BEGIN

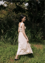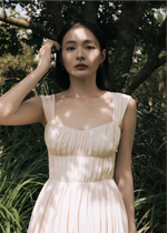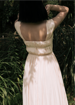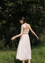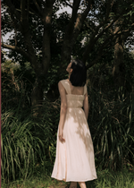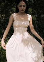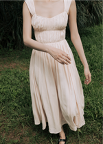 The Jeslin midi dress features a sweetheart neckline with gathered detailing down the dress. It has a ruched bodice with side smocked panels.
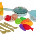Hrnček, panvica, taniere, príbory a pestrý výber potravinových doplnkov poskytujú deťom všetko, čo potrebujú na hru na kuchára.
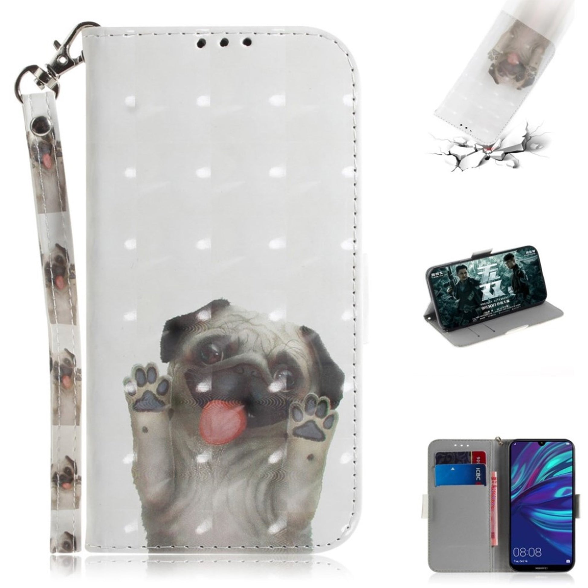 Huawei P30 Lite leren hoes met lichte spotinrichting - Hond

END

**What you have to do:** The expected answer is the listing above, duplicated exactly, with its pictures removed.

**Written answer:**
 The Jeslin midi dress features a sweetheart neckline with gathered detailing down the dress. It has a ruched bodice with side smocked panels.
Hrnček, panvica, taniere, príbory a pestrý výber potravinových doplnkov poskytujú deťom všetko, čo potrebujú na hru na kuchára.
 Huawei P30 Lite leren hoes met lichte spotinrichting - Hond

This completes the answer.